Rossetti and His Circle
Rossetti and His Circle is a book of twenty-three caricatures by English caricaturist, essayist and parodist Max Beerbohm. Published in 1922 by William Heinemann, the drawings were Beerbohm's humorous imaginings concerning the life of Dante Gabriel Rossetti and his fellow Pre-Raphaelites, the period, as he put it, "just before oneself."[1] The book is now considered one of Beerbohm's masterpieces.[2]
Beerbohm and Rossetti
Beerbohm returned to England from his home in Rapallo in Italy so that he could study photographs of the subjects he depicted in his caricatures. During the winter of 1917 he rented a cottage in the English countryside near the home of his friend William Rothenstein so that he could work on his Rossetti drawings. Every day, carrying his portfolio of drawings with him, Beerbohm walked across the snow to visit Rothenstein. "No wonder Max was nervous of leaving his Rossetti caricatures in an empty cottage... What a remarkable reconstruction of a period!" Rothenstein later wrote.[2] Rossetti and the Pre-Raphaelite Brotherhood had captured Beerbohm's imagination. "In London, in the great days of a deep, smug, thick, rich, drab, industrial complacency," he wrote, "Rossetti shone, for the men and women who knew him, with the ambiguous light of a red torch somewhere in a dense fog. And so he still shines for me."[2]

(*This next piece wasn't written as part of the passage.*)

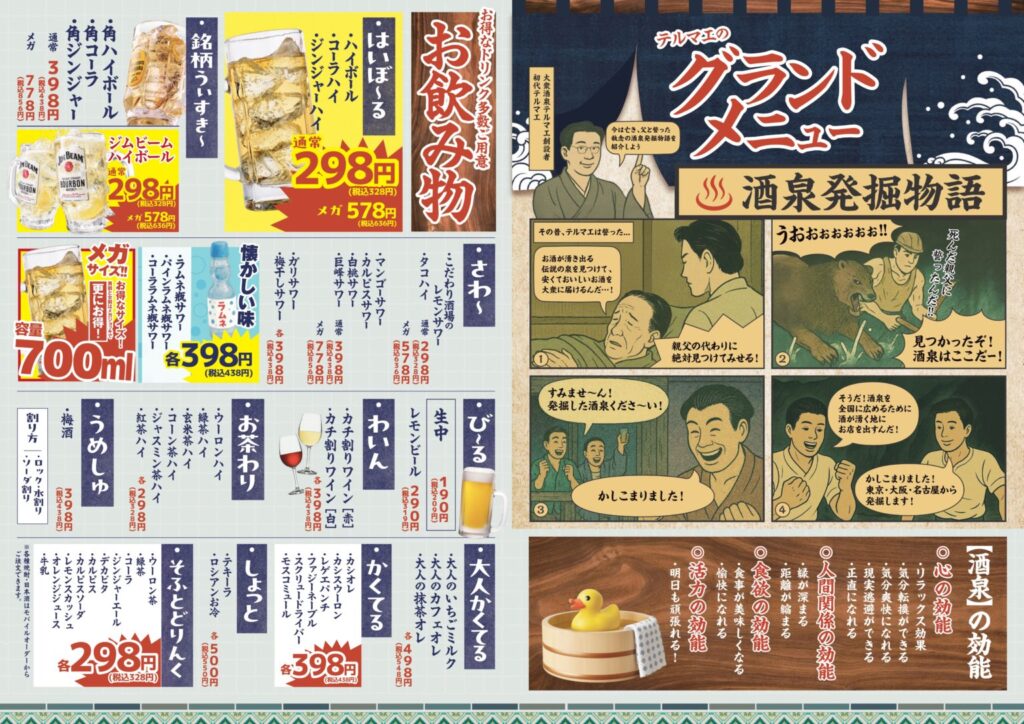 さて、「大衆酒泉テルマエ」についてです。『昭和の大衆銭湯』をモチーフにしたユニークな居酒屋のようで、札幌〜福岡まで全国16店舗で展開。銭湯のような空間で、リーズナブルにお酒と食事を楽しめる新スポットとして注目されています。SNSやメディアで大きく取り上げられ、若者を中心に話題を集めているそうです。今回、広島初出店とのことです。

Beerbohm's caricatures include Dante Gabriel Rossetti with his sister Christina, John Ruskin, Algernon Charles Swinburne, William Holman Hunt, John Millais and George Meredith. In plate 22, Oscar Wilde, on his 1882 lecture tour in America, describes the delights of the Aesthetic Movement to a fascinated audience.[2] This tour had been organised by Richard D'Oyly Carte to publicise the new Gilbert and Sullivan opera Patience.

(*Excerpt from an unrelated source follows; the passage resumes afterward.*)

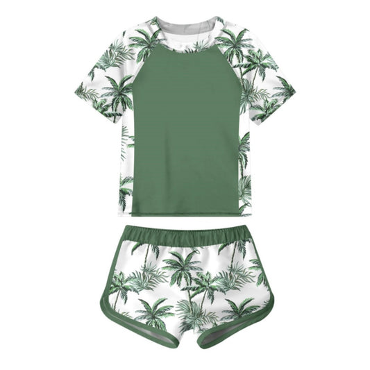 Aideaone Girls Short Sleeve Swimsuit 2-Piece Tankini Rash Guard Bathing Suit Sets Beach Swimwear 8-14T

Sir Hugh Walpole bequeathed Beerbohm's original watercolour artwork for Rossetti and His Circle to the Tate Collection in London in 1941.[3]
A special limited edition of 380 numbered copies bound in white cloth was also published in 1922. These were signed by Beerbohm.
Contents
- Note (Beerbohm's Introduction to the Caricatures)
- Frontispiece: Rossetti in Childhood.
- 1. British Stock and Alien Inspiration.
- 2. Rossetti's Courtship.
- 3. A Momentary Vision that once Befell Young Millais.
- 4. A Remark by Benjamin Jowett.
- 5. Coventry Patmore at Spring Cottage.
- 6. Ned Jones and Topsy.
- 7. John Ruskin meets Miss Cornforth.
- 8. Blue China.
- 9. Woolner at Farringford.
- 10. Ford Madox Brown patronised by Holman Hunt.
- 11. The Small Hours in the Sixties at 16, Cheyne Walk.
- 12. Gabriel and Christina.
- 13. George Meredith's Hortation.
- 14. William Bell Scott Wondering.
- 15. Robert Browning introduces a Great Lady.
- 16. George Augustus Sala with Rossetti.
- 17. Swinburne and Mr. Gosse.
- 18. Mr. Morley brings Mr. Mill.
- 19. Mr. Leighton suggests Candidature.
- 20. Mr. Watts, Mr. Shields, and Mr. Caine.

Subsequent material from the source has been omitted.